§ **EXERCISE REQUIREMENTS**: Restate word for word the lines below that run from the one holding "グリーン模造磁器皿雪花模様小皿直径約15cm 1元2元小商品" through the one holding "Natural sunlight filters", inclusive. Pictures don't belong in the copy.

(Saved entries)
· · · · ·

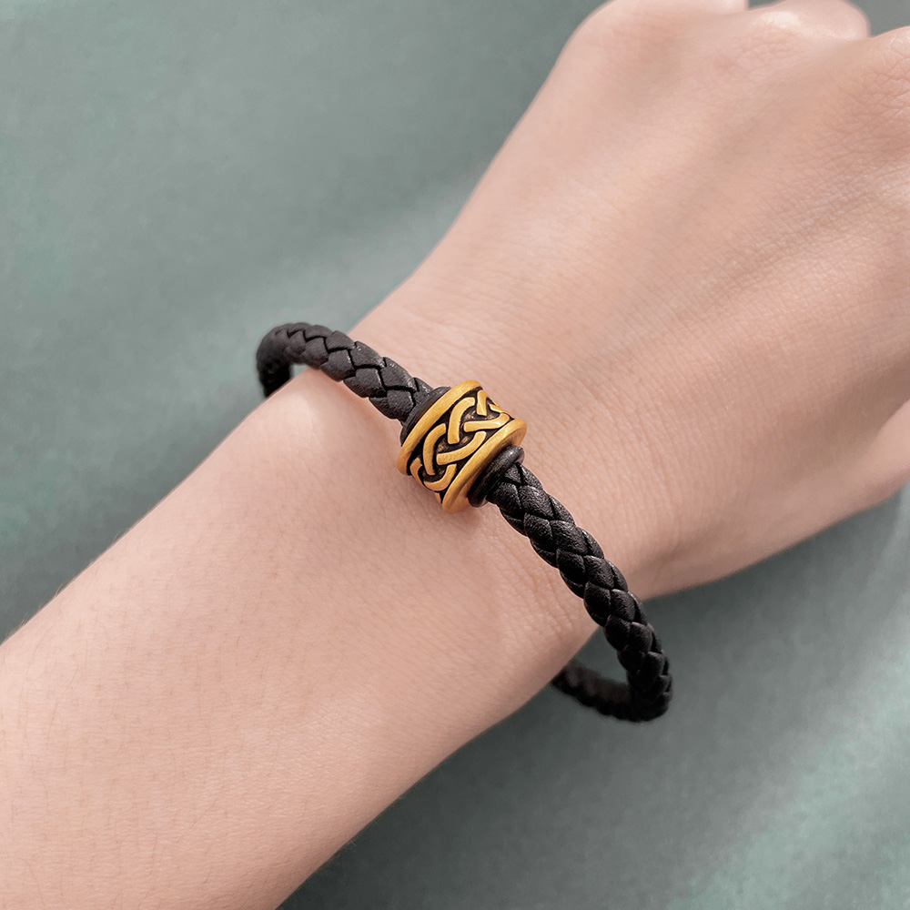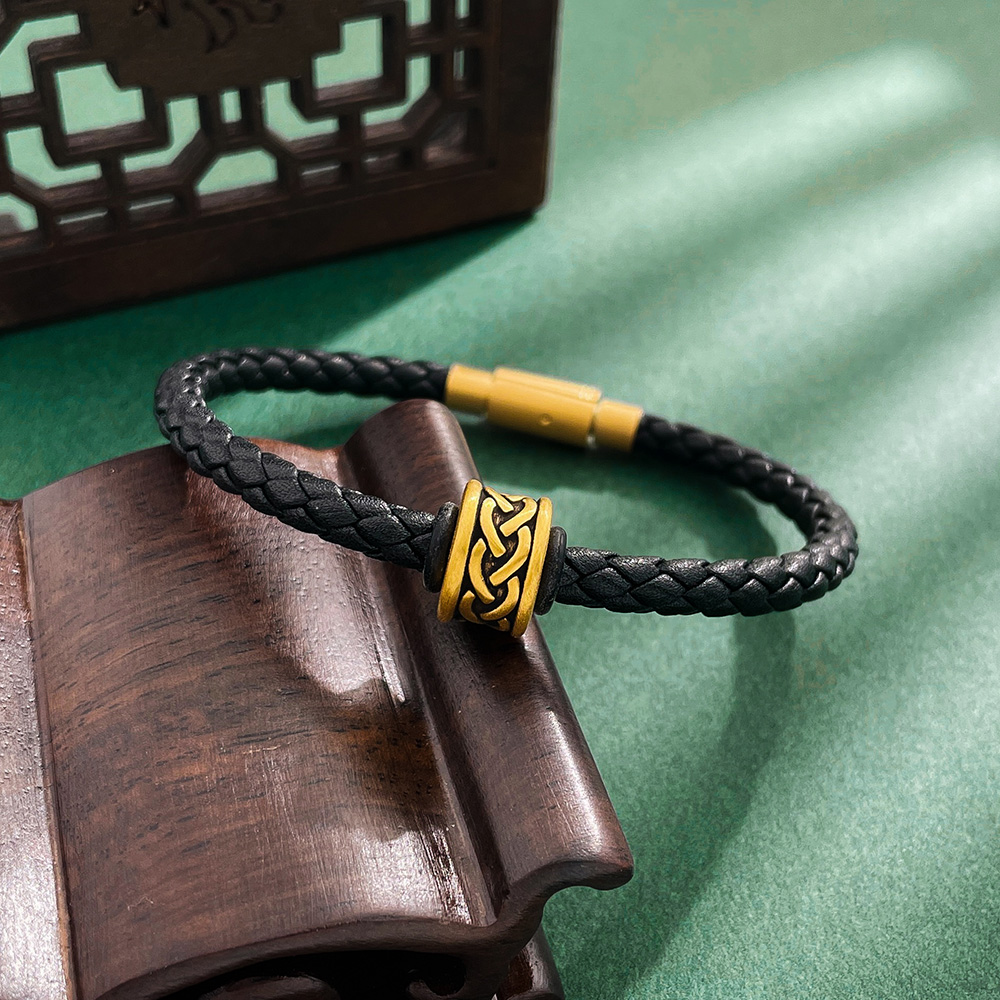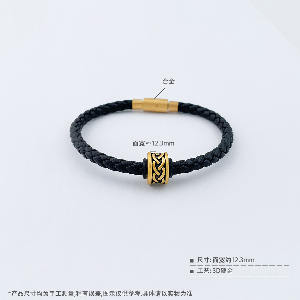 【限时7.5折】【定价黄金】足金 #电黑金 #情侣 3D硬金电黑金力量图文不可调节黑编织皮绳手链成品手串(扣饰材质为合金,绳约5mm)(RFXMB0064-A)预售产品下单后不退款不退货不换货不补差价
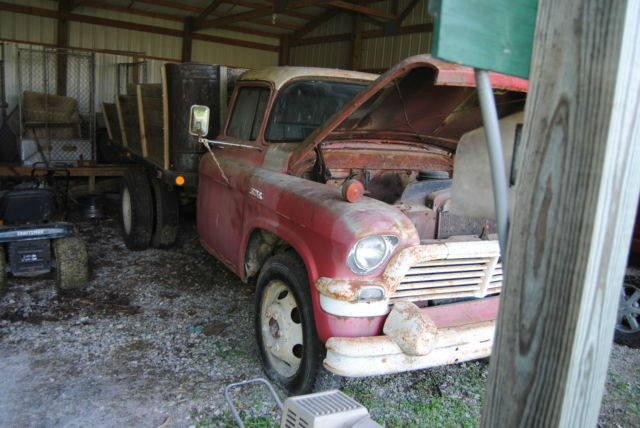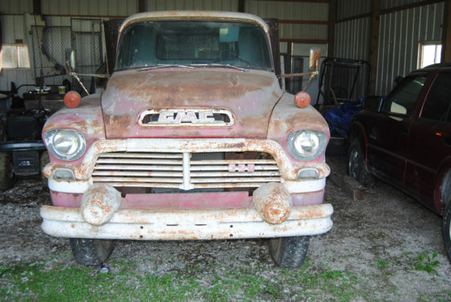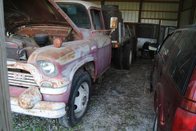 Up for your consideration is a 1957 GMC 350 Series with working hoist on back for bed. It has a 261- 6 cylinder with 4 speed. 2 speed Rear Axle. Good Cab Corners. Good head light caps. Little rust on bottom of doors. Needs fuel pump and clutch work done. Has set in the barn for 2 years. This is my opinions. please see pictures and make your own conclusions. Cab would be nice for a pick up. Doors shut good. good hinges. good cab mounts. Front end is in good shape and drives good. Good front tires and descent rear tires. This is being sold with NO RESERVE. Ask any questions before bidding. Call 812-986-2836. if no answer leave message. will get back to you ASAP. Or email questions thru eBay. It is being sold AS IS - WHERE IS. You are responsible for all shipping and cost that is concurred. We can help with shippers if needed. please contact for more information.
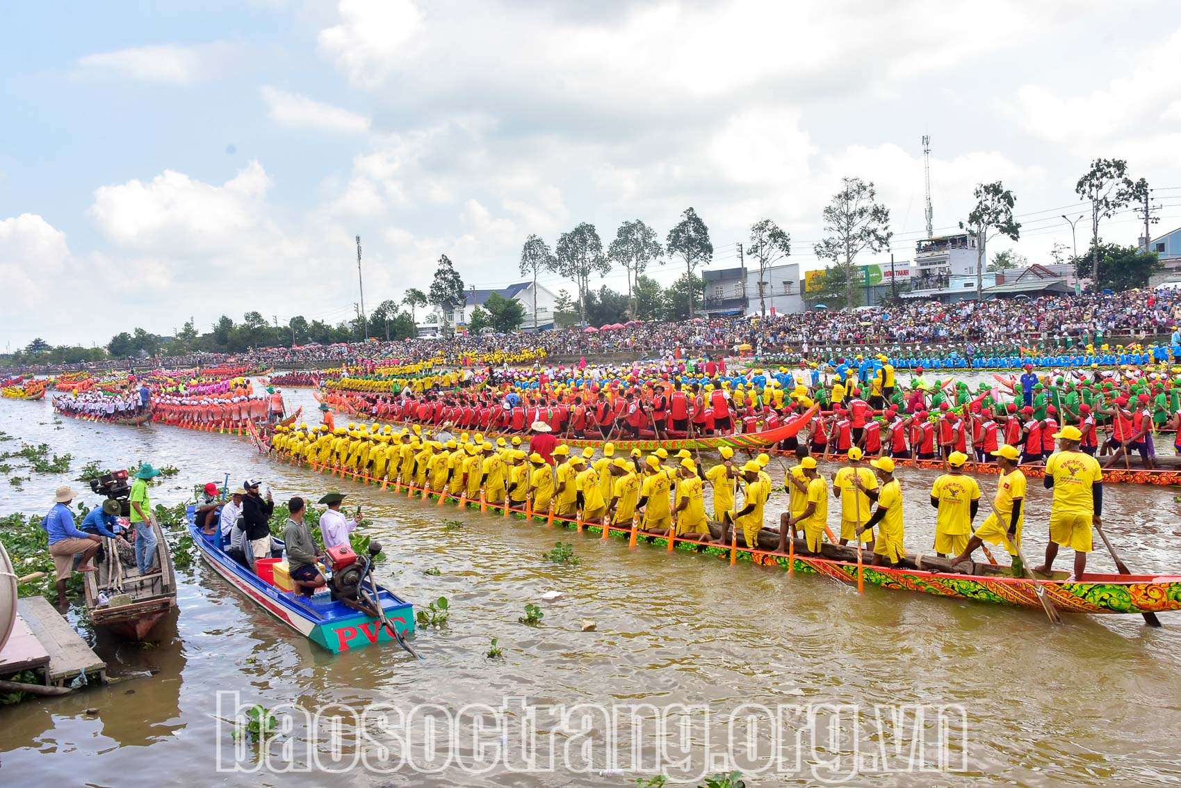 | Đua ghe Ngo là hoạt động thể thao truyền thống của đồng bào Khmer, thu hút đông đảo vận động viên tham gia thi đấu. Ảnh: THẠCH PÍCH |
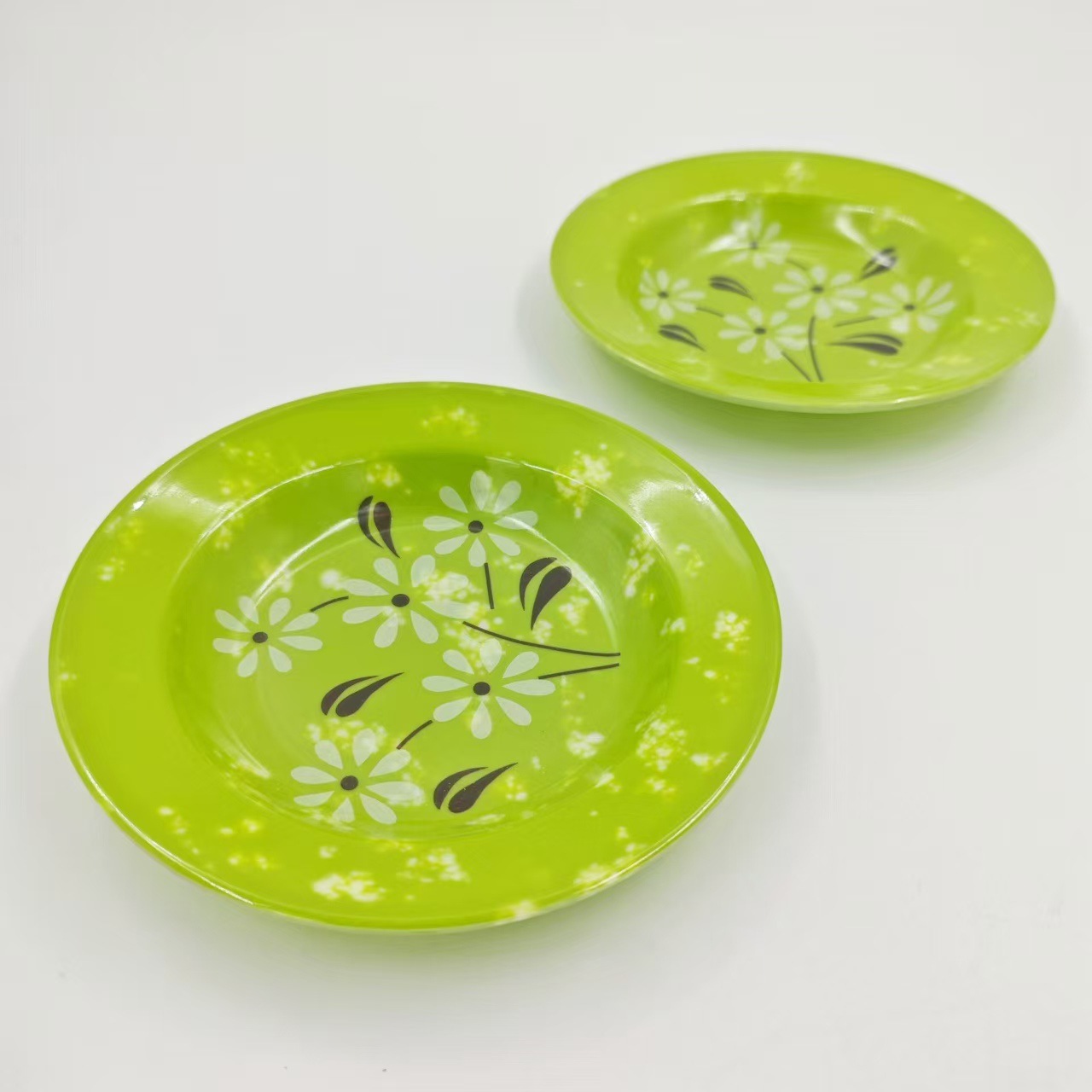 グリーン模造磁器皿雪花模様小皿直径約15cm 1元2元小商品
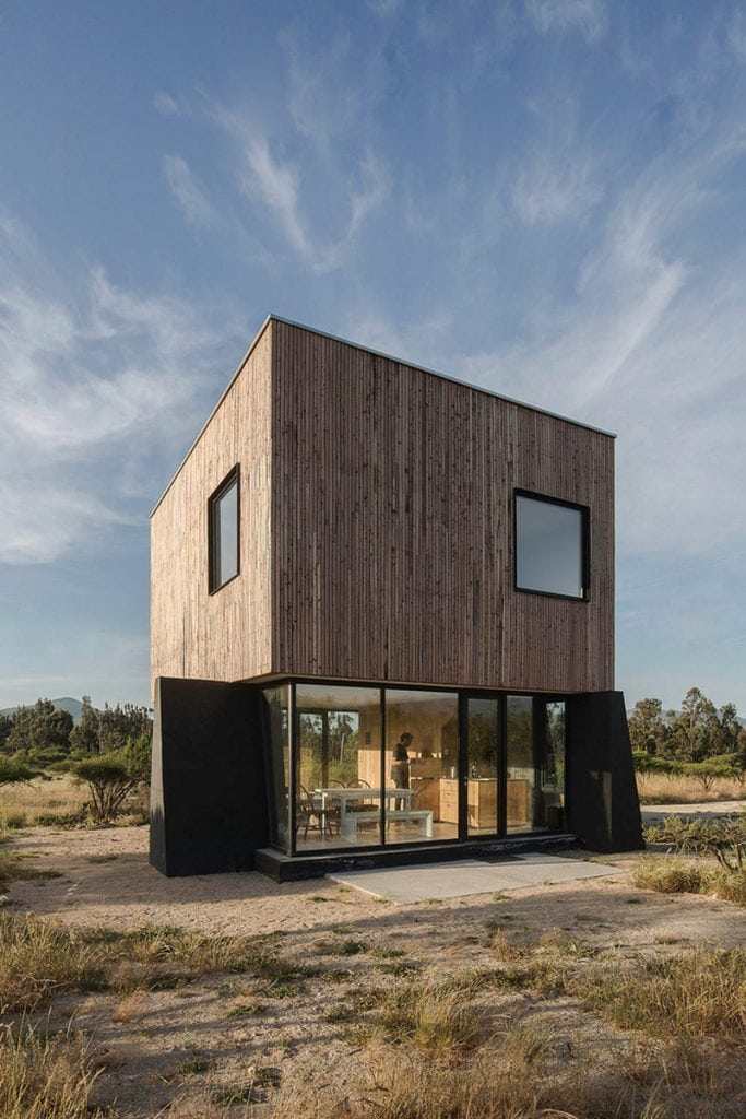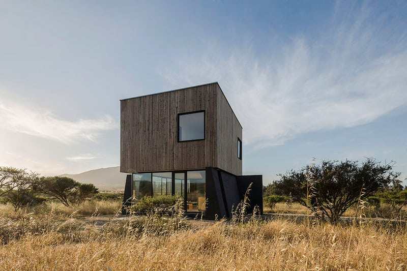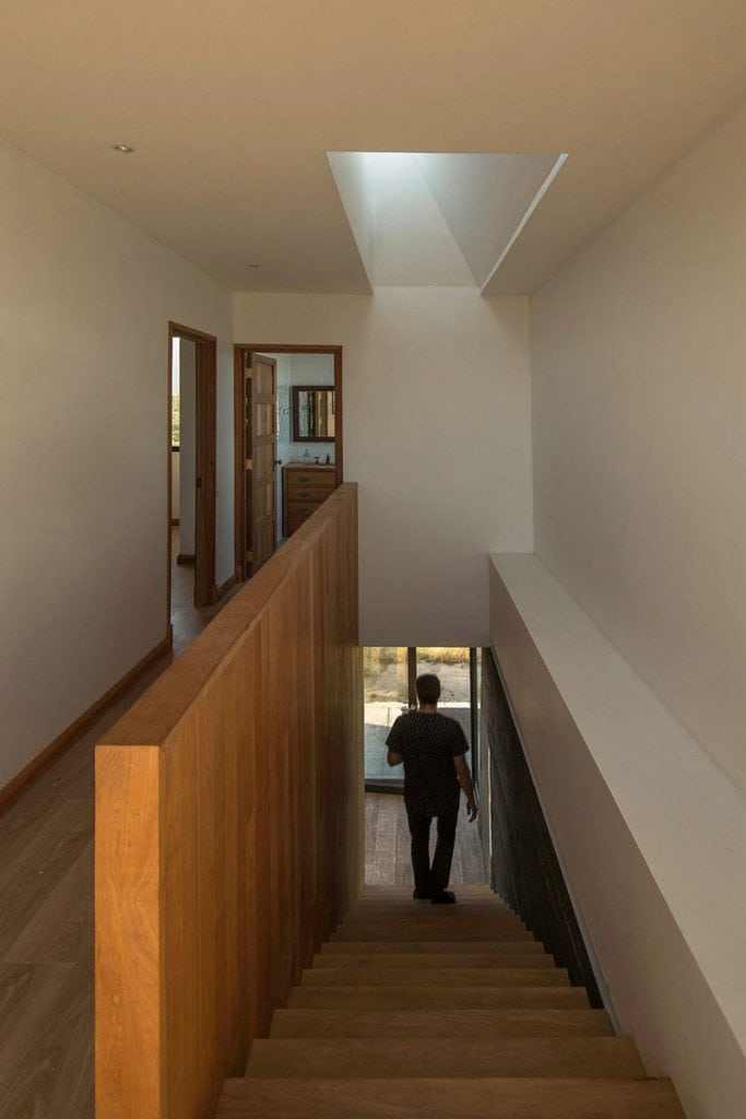 Natural sunlight filters in through a single skylight at the rooftop. Downstairs, there is ample light, thanks to all-glass walls. A door leads to the outdoors, a semi-arid landscape with stunning views around.
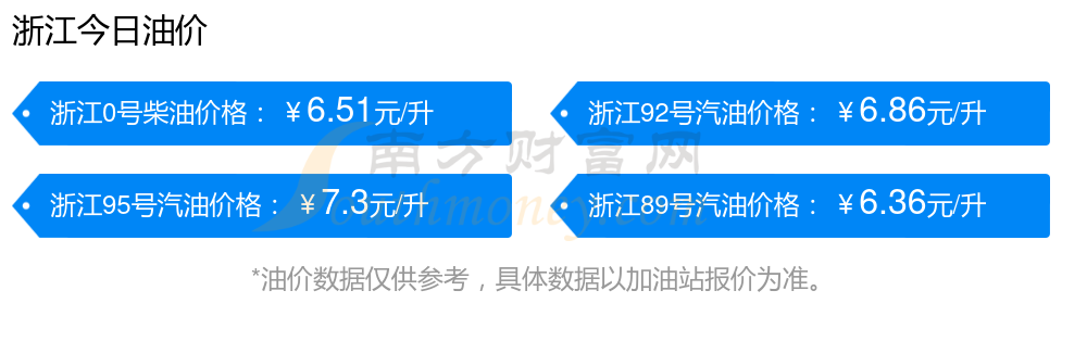 11月25日,浙江汽油、柴油每升最新价格为:调整时间为11月25日,92号汽油为6.86元,下降了0.06元,下降幅达0.87%;95号汽油为7.3元,下降了0.06元,下降幅达0.82%;89号汽油为6.36元,下降了0.05元,下降幅达0.78%;0号柴油为6.51元,下降了0.06元,下降幅达0.91%。
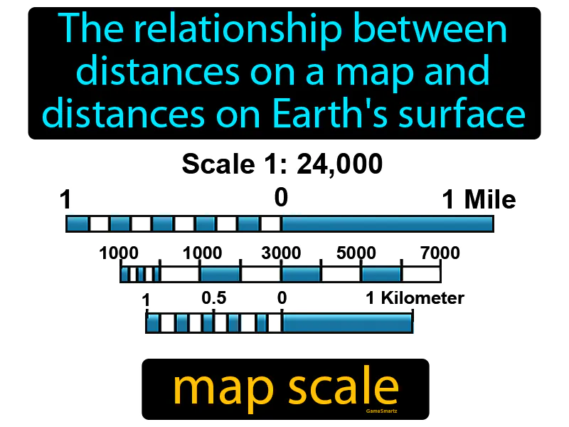 Map Scale: The relationship between distances on a map and distances on Earth's surface. Map scale. Map scale shows how much smaller a map is compared to the real world.
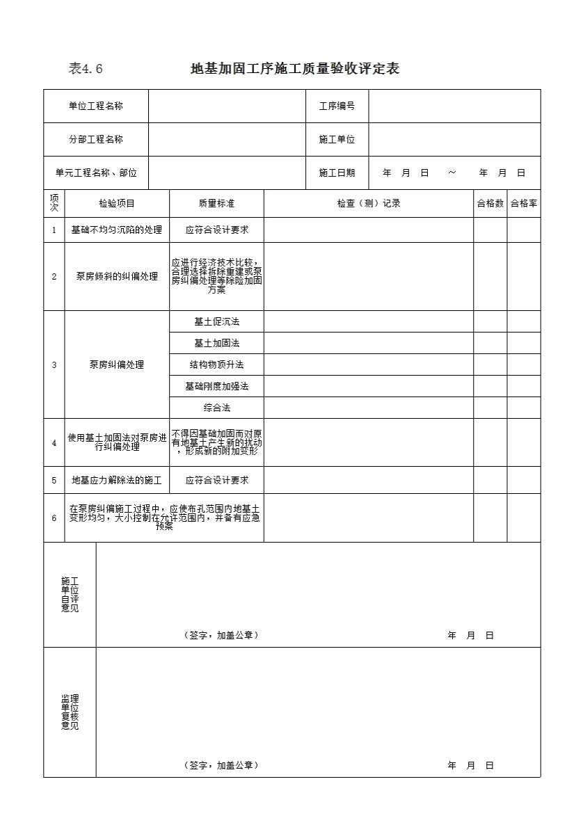 表格名称:4.6 地基加固工序施工质量验收评定表

· · · · ·

§ **SOLVED EXERCISE**:
 グリーン模造磁器皿雪花模様小皿直径約15cm 1元2元小商品
 Natural sunlight filters in through a single skylight at the rooftop. Downstairs, there is ample light, thanks to all-glass walls. A door leads to the outdoors, a semi-arid landscape with stunning views around.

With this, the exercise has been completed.